The Court rejected MMO's argument that the lien was discharged by acceptance of the guarantee for the 98 coils. In the present case the bond and guarantee requested did not promise delivery by the owner. Furthermore, the authorities illustrate how the bond supported by additional security, either by guarantee or cash deposit, is the typical and long-standing means by which a shipowner is entitled to stipulate for the terms on which the shipowner will be willing to forego its lien. Nothing suggested that a guarantee without a bond is sufficient, or that to require a bond in addition to a guarantee is unreasonable. Provided the request is reasonable, the shipowner is entitled to make its own terms if the shipowner is to forego immediate payment or release its lien. Where a shipowner requests both bond and guarantee, the law does not insist that provision of the guarantee, but refusal of a bond, will waive or discharge the lien.
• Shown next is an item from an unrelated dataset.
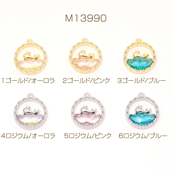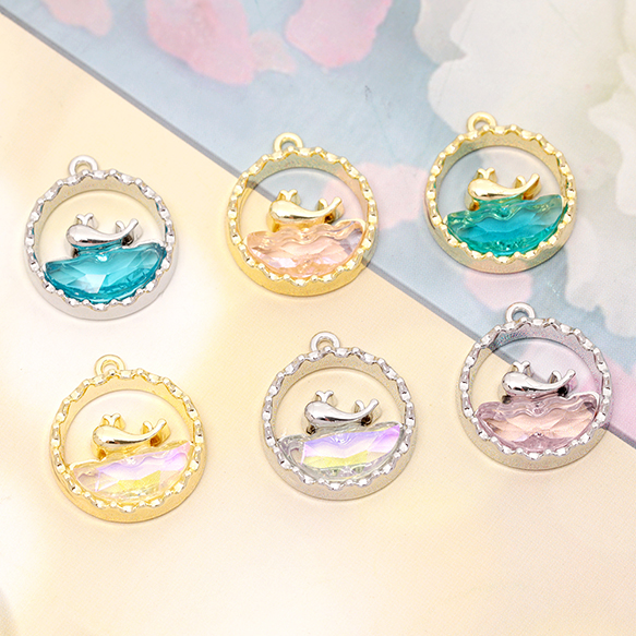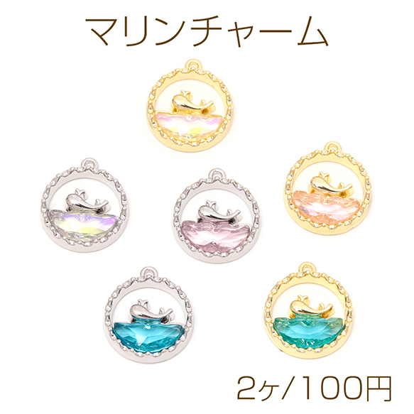 マリンチャーム クジラモチーフ 海の生き物チャーム ガラスチャーム ラウンド型 1カン 約16×18mm (2ヶ)

Based on the authorities, long-standing practice, and the arbitrators' findings, the owner was entitled to retain its lien without a bond from MMO in addition to an insurer's guarantee or cash deposit. The owner is entitled to the undertaking of MMO in addition to the insurer's. MMO is the party most interested in the delivery of the goods. MMO should be primarily responsible for any GA contribution. Although the insurer ought to be creditworthy, not all insurers turn out to be so.